I was surprised to see that this is my 12th year of doing this list. But it’s a good way to sift through the year’s best music and keeps me largely out of trouble, so why not? It goes without saying that it’s been another great year for music, it always is. A couple of notable returns feature here, and tons of new stuff.
As companions to this list, I’ve made a bunch of themed mixes highlighting the year’s best electronic, noise, indie, psych, country etc. etc. You can find all of these here https://www.mixcloud.com/MagoDave/.
And here’s one of my favourites.
So, on with the list. Remember, if you like any of this stuff please consider buying it and supporting the artists. Enjoy!
1. Dummy – Free Energy
Dummy proudly wears their Stereolab influences, but on this, their second album, they develop their sound so far that they truly emerge as a unique beast. ‘Soonish’ is a knowing banger whose title nods to its My Bloody Valentine ancestor. So, there’s shoegaze, dream pop, post-punk and a few other genres mashed up and used to service these excellent songs. This is a massive step up, and one of the year’s very best albums.
2. somesurprises – Perseids
The opening track of this sublime album, ‘Be Reasonable,’ sets the tone, imploring the listener to be reasonable, like that’s all anyone needs to do. It makes you believe it. The band’s sound lies somewhere in that dreamy zone that Mazzy Star and Cocteau Twins touched on. This doesn’t mean they’re derivative, though. They have crafted a unique and alluring sound that anyone with a sense of wonder and adventure should sample.
3. Jack White – No Name
Honestly, I’d forgotten how much I missed Jack White and how brilliant the White Stripes were. But, at last, he’s come back with something right up there with his best work by ditching all the fancy stuff and going back to making cracking rock songs with whip-smart lyrics and killer riffs. You can tell he’s having a ball here as he raves like a hellfire preacher, sympathizes with rats, and generally does absolutely whatever he feels like. A joyous return and the year’s best rock album.
4. Oranssi Pazuzu – Muuntautuja
This marvellous Finnish band have raised the bar again by bringing elements of hip-hop, shoegaze, and who knows what else into their already eclectic sound palette. You can’t really even call this black metal anymore, even though it’s brutally fierce in parts. Instead, it’s an album that moves only according to its baffling but ultimately rewarding inner logic. This is cutting-edge experimental music.
5. D’eon – Leviathan
This gem of an album sounds like nothing else I’ve heard, which is quite a thing. It’s full of mannered but playful quasi-classical electronics. Imagine chamber music for the court of some future AI king ,and you’re in the right area.

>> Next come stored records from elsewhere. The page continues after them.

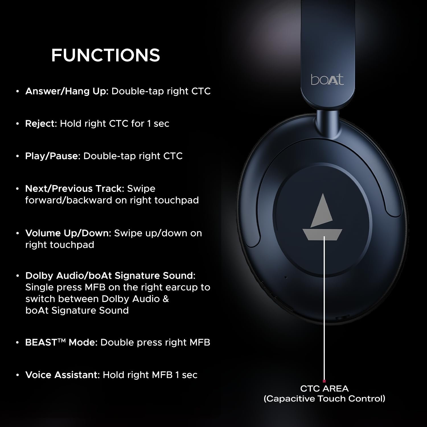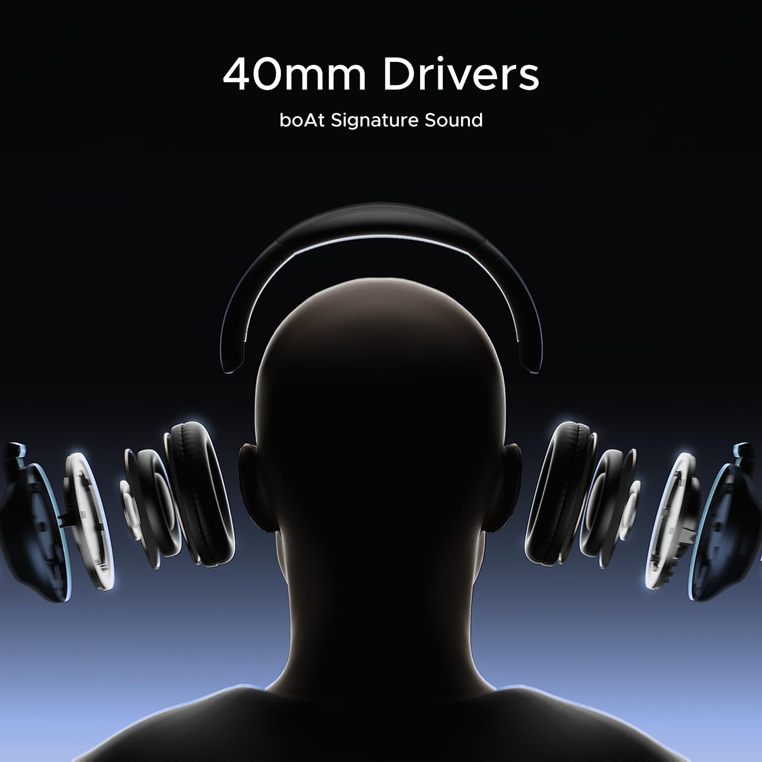 • 40mm Drivers: Listen to thumping audio with the 40mm drivers in these headphones. Bass-rich boAt Signature Sound from the dual drivers is bound to amplify your listening experience to the next level.
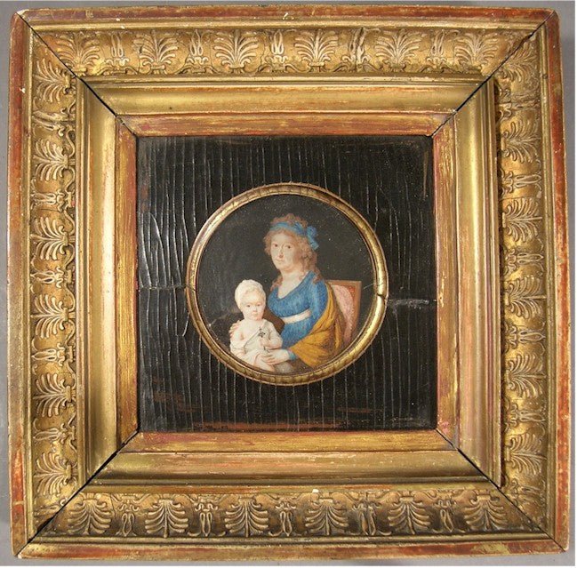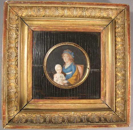 Mother & Child 18th Century Miniature Antique Fine Art Oil Portrait Painting
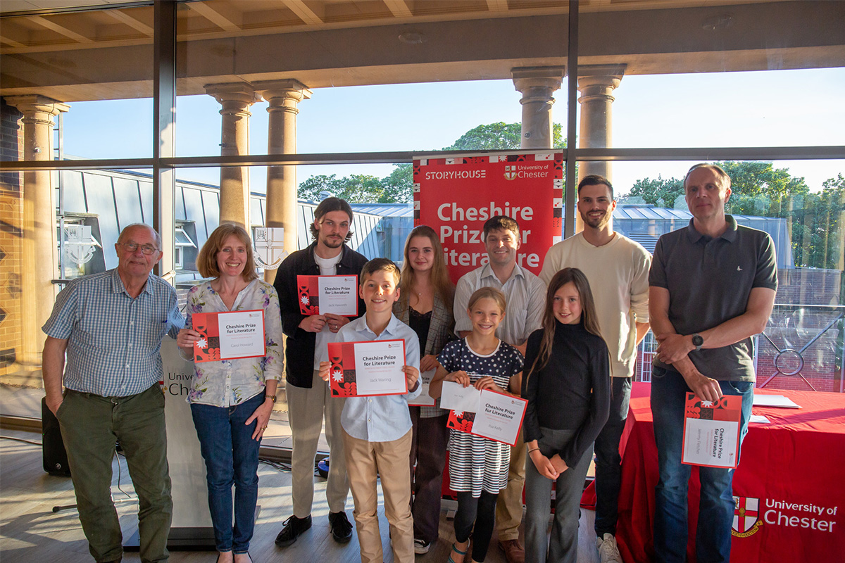 Winners and shortlisted entrants join Dr Harry Parkin at the Cheshire Prize for Literature 2022/23 awards evening.
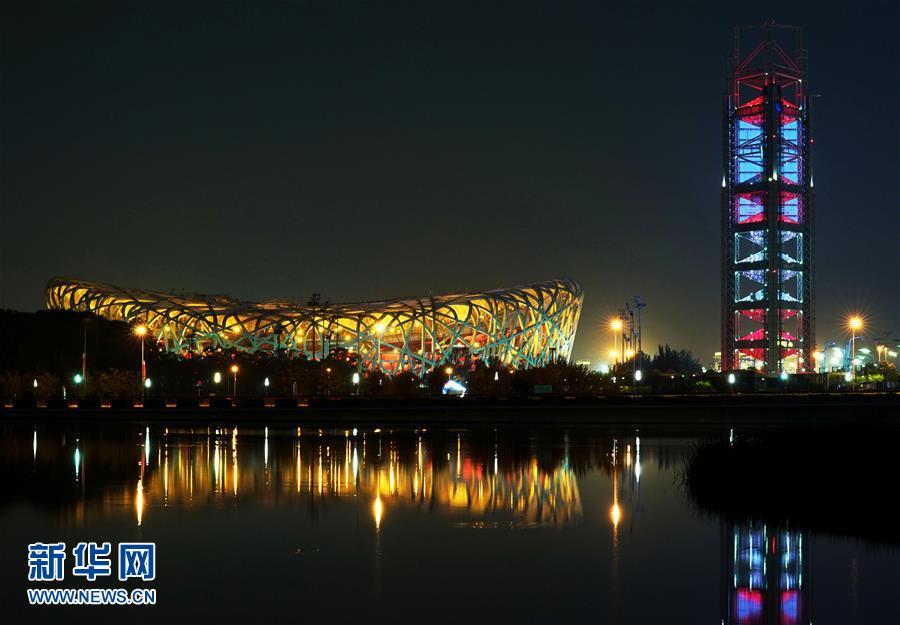 “鳥巢”和玲瓏塔交相輝映(5月14日攝)。 當晚,一場“空間光影秀”在北京上演。 新華社記者 陳建力 攝

6. Cindy Lee – Diamond Jubilee
This 37-track self-released tour-de-force slowly gathered attention as people realised just how singular and brilliant it is. Cindy Lee is the alter-ego of Canadian musician Patrick Flege, and she inhabits a peculiar imagined world of heartbreak and loss somewhere between the 1920’s and 2020’s. The simple but otherworldly production gives everything a kind of David Lynchy, sepia tone feel that perfectly fits these affecting songs.
7. Chanel Beads – Your Day Will Come
‘Unifying Thought’ is less than two minutes long, but it’s total genius, with its singalong, almost childish refrain, and a hyper-produced metallic sheen. Elsewhere, we have ambient drifts, classical moments, and a few more conventionally structured songs. It’s classy and unique.
8. RosaLi – Bite Down
A brilliant indie-alt-country album full of earworms like ‘On Tonight’ and ‘My Kind.’ RosaLi has the perfect voice for this material and is supported by a group of talented musicians. Great stuff.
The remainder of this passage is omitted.